[] Understand the inner meaning of zero-based neural networks spread function

I. Preamble

  Before've written "single neuron, neural networks shallow, deep neural network" (interest can be looking through), write a bit messy but many areas do not have to say it. Here we try to answer a question by describing the "perception machine": "Why the long propagation function like this."

  Perceptron is a neural network forecasting model similar, and now all kinds of powerful neural network is the basis of the perception of the birth of the machine on, read Perceptron neural network is not hard up. In addition, both Perceptron neural network also, or early, they are used to deal with "two-class" issue per se, we started from the second classification, the reverse is derived Perceptron model. As for the perception of how the machine is transformed into neural networks, and more details will remain to revisit it in the future, welcome attention to "zero-based love learning," artificial intelligence learning together.

Second, dichotomous

  "Binary" is just a name for, you can imagine handle binary classification model into a black box, no matter what the content of the input, the output is 1 or 0 (yes or no). A typical binary classification as follows:

  1) whether the figure includes the cat

  2) whether the car is included in FIG.

  3) whether the portrait contained in FIG.

  As "the figure of what color the cat is," this problem does not belong to binary, because the cat may be white, black, yellow, figure they've not even a cat.

  Here we consider a very simple binary classification:

  "Just four pixel image white is not white."

  The following generates a random four-pixel image (magnified N times the pixel convenient observation)

  Corresponding to the gradation value (gradation value range 0-255,0 represents black, 255 represents full white):

  X=(240,200,100,10)

  Determining whether the image is to be "white not white" Intuitively handled well, we gradation value of each pixel is the sum, when the gray values ​​is greater than a certain threshold value when we consider that the white is a view on a less than that this is not a blank map. Example pseudo-code as follows:

  if (x1+x2+x3+x4)>a:

    return 1

  else:

    return 0

  But this approach has a problem, it does not take into account the different manifestations of each pixel in the overall sense also have a certain influence, as in the following two graphs:

  In fact, the gray values ​​of the two plans and is the same, but subjectively we may think on the left than on the right diagram illustrating an overall "white" thing. Then we put it another way to judge the characteristics of each pixel are taken into account:

  if x1>a1 and x2>a2 and x3>a3 and x4>a4:

    return 1

  else:

    return 0

  Here a1, a2, a3, a4 each pixel can be called "signature" value, but this method has led to universal judgment is poor, such as our change of location of each pixel, it might need to add a set of characteristic values:

 

  if (x1>a1 and x2>a2 and x3>a3 and x4>a4) or (x1>b1 and x2>b2 and x3>b3 and x4>b4):

    return 1

  else:

    return 0

  Above, only two sets of feature values, in fact, may take up to six sets of combinations of feature values ​​of four pixels. If you need to deal with is 500x500 picture, then the complexity of the code will not dare to imagine.

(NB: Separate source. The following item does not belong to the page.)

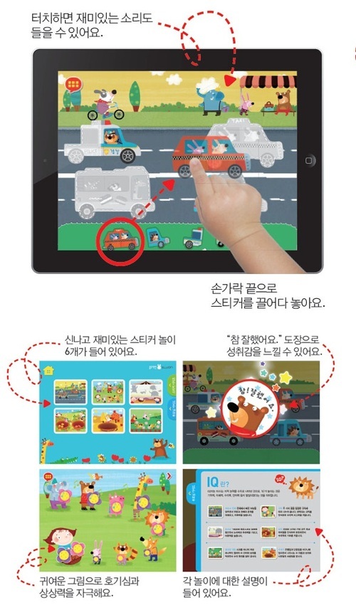 재미있는 스티커 놀이를 기반으로 제작 돼 엄마가 아이를 자연스럽게 학습에 참여하도록 유도할 수 있으며, 단계별로 논리적 사고를 키울 수 있다. 또한 미술활용 능력과 시각, 청각, 촉각을 모두 자극해 아이의 인지능력(IQ), 감성(EQ), 창의력(CQ)을 고루 발달시킬 수 있도록 구성됐다.

  By the previous example, we find that using a computer to process a very simple binary classification is very difficult, there is no way to do it? Of course not, either in front of or characteristic using a threshold value to do "white or not white," the judge, in essence, is to establish a "OK System", then goose the real world is often not so clear, "White and non-white." the judge is actually a "chaotic system", it is subject to a variety of factors. So is there a way to combine the individual and the whole of it? Wise sages only had a couple of minor adjustments:

  if x1w1+x2w2+x3w3+x4w4 > a :

    return 1

  else:

    return 0

  A threshold value is still referred to herein, w1, w2, w3, w4 is another feature of the form, referred to herein as weights. And then multiplied by the weight input cumulative manner, i.e. taking into account the "subject" should be different in the second classification determination, and taking into account the "whole" decisive role in the determination. But how much weight specific to each individual (the quantity of weight) is determined in the second classification shall account, the final threshold value should be set to a suitable number, it is difficult to directly give a definitive answer, then play in relation to the perceptron.

Third, Perceptron

  A simple perceptron model below:

 

  Mathematical formula:

  x1w1 + x2w2 <= a then y = 0 (no)

  x1w1 + x2w2> a then y = 1 (yes)

  x1, x2 are input, w1, w2 are weights corresponding to the input, a is the threshold value, y is the output.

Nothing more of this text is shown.